Stored data
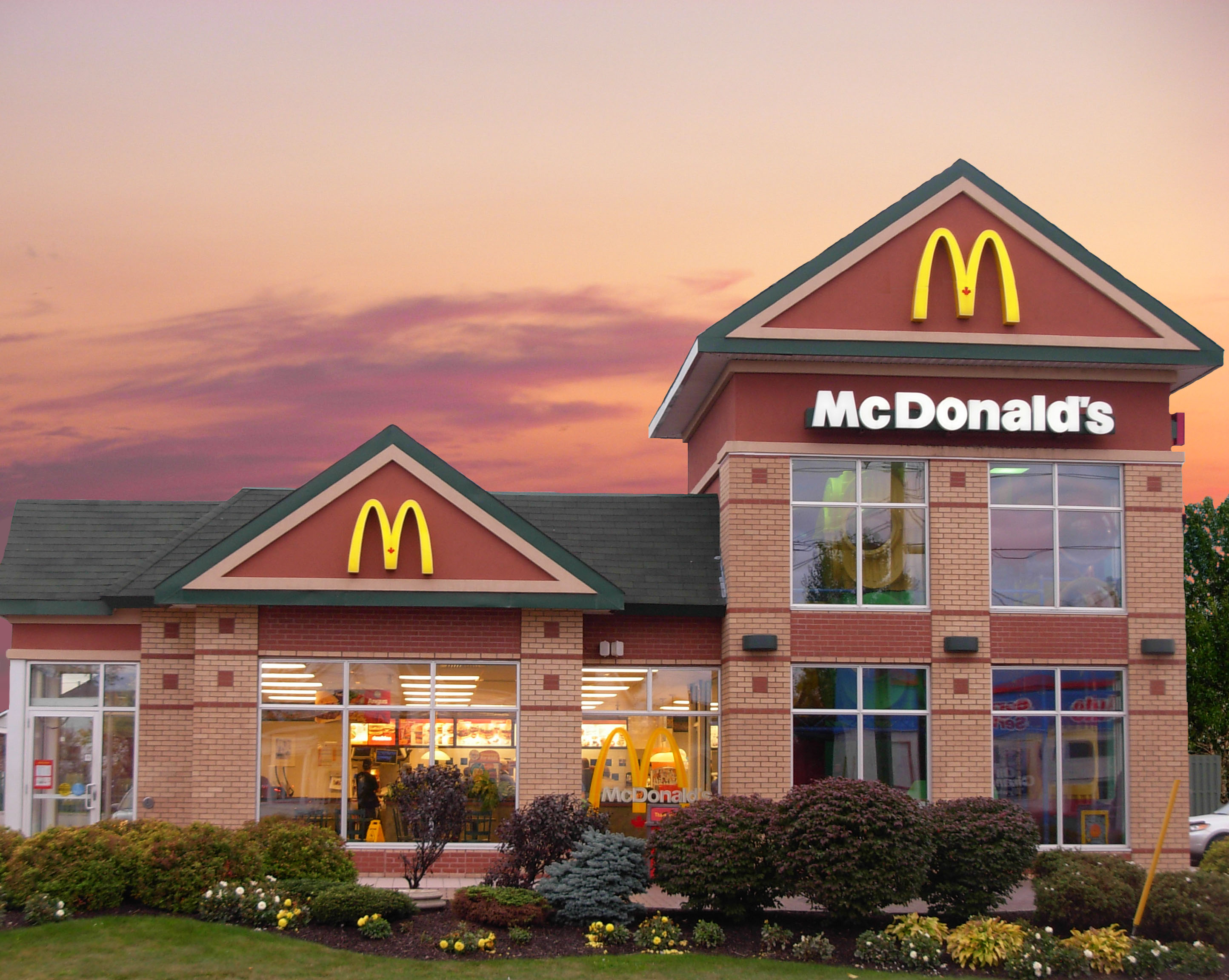 A McDonald's location in Moncton (mountain road). I took the picture and touched it up in Photoshop CS3 myself.
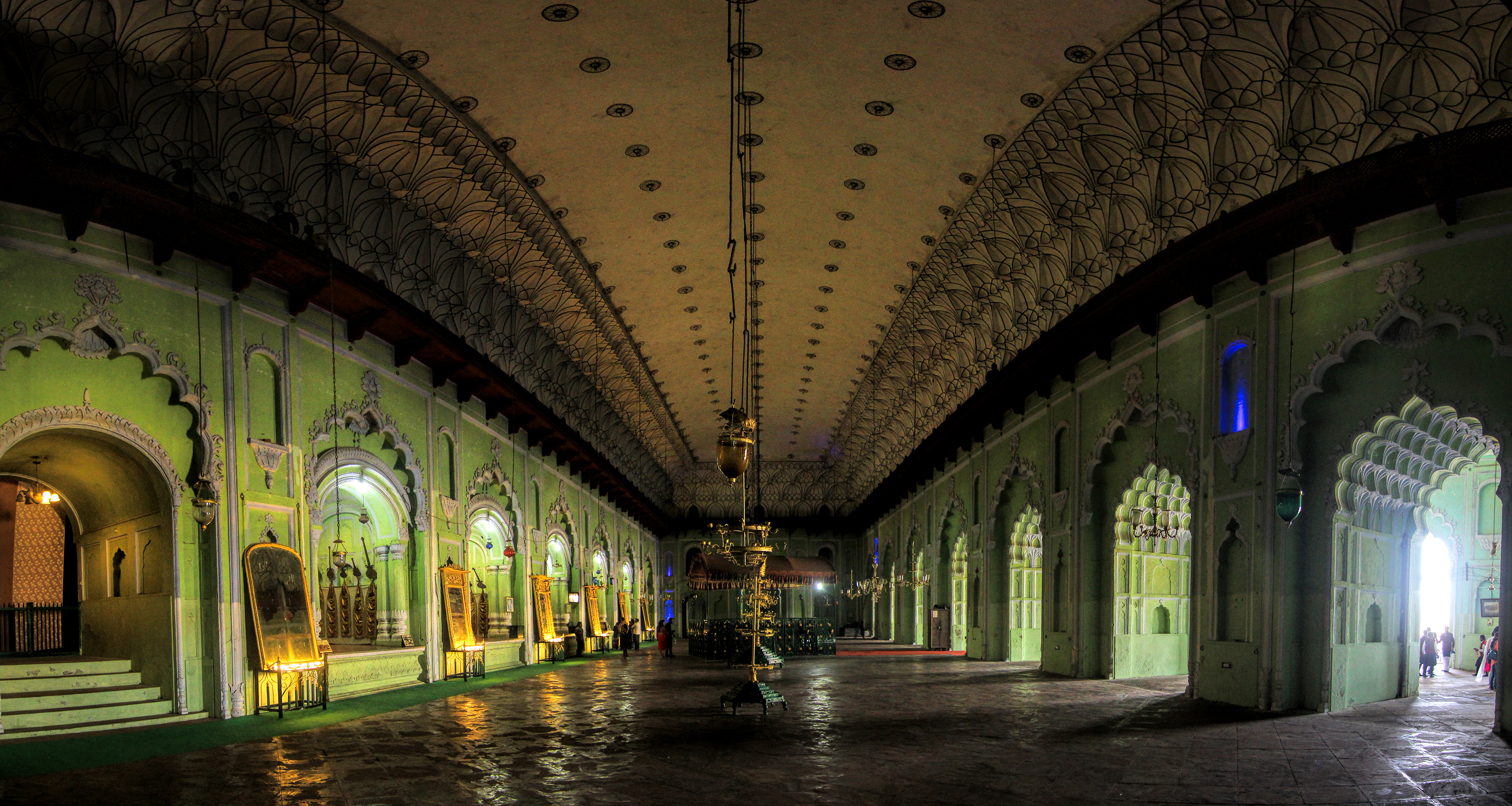 Imambara of Asaf-ud-daula
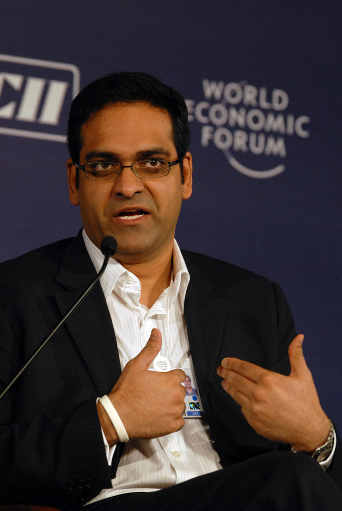 Shailesh Rao, Managing Director, Google India, speaking at a plenary session titled Big Bets on Technology and Manufacturing held at the World Economic Forum's India Economic Summit, 18 November, 2008, New Delhi.
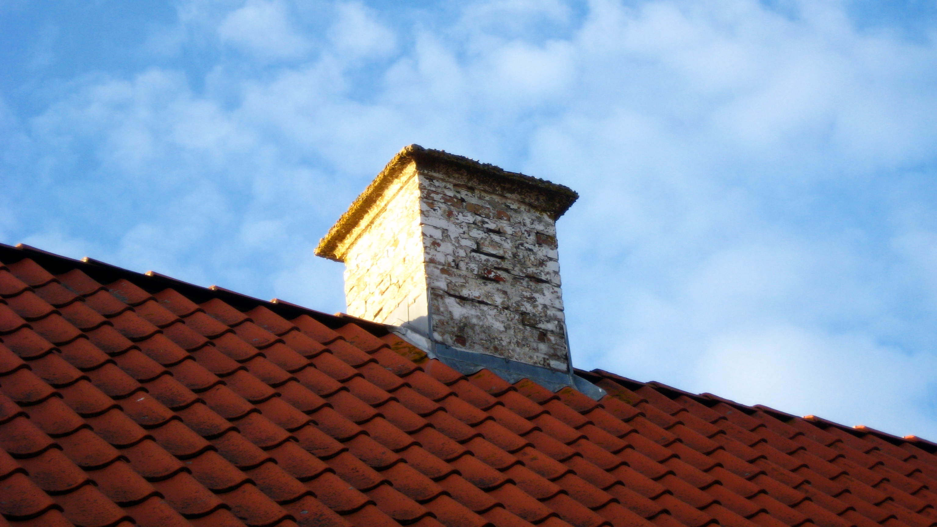 a chimney
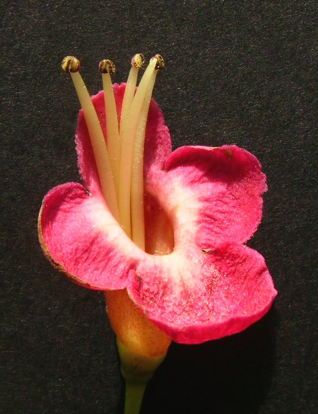 Vitex lucens (Puriri) flower from Auckland, New Zealand. This work has been released into the public domain by its author, Graham Bould. This applies worldwide. In some countries this may not be legally possible; if so: Graham Bould grants anyone the right to use this work for any purpose, without any conditions, unless such conditions are required by law.

◆ Problem description ◆
The records must appear again word for word, though none of their pictures should.

◆ Solution to this exercise ◆
 A McDonald's location in Moncton (mountain road). I took the picture and touched it up in Photoshop CS3 myself.
 Imambara of Asaf-ud-daula
 Shailesh Rao, Managing Director, Google India, speaking at a plenary session titled Big Bets on Technology and Manufacturing held at the World Economic Forum's India Economic Summit, 18 November, 2008, New Delhi.
 a chimney
 Vitex lucens (Puriri) flower from Auckland, New Zealand. This work has been released into the public domain by its author, Graham Bould. This applies worldwide. In some countries this may not be legally possible; if so: Graham Bould grants anyone the right to use this work for any purpose, without any conditions, unless such conditions are required by law.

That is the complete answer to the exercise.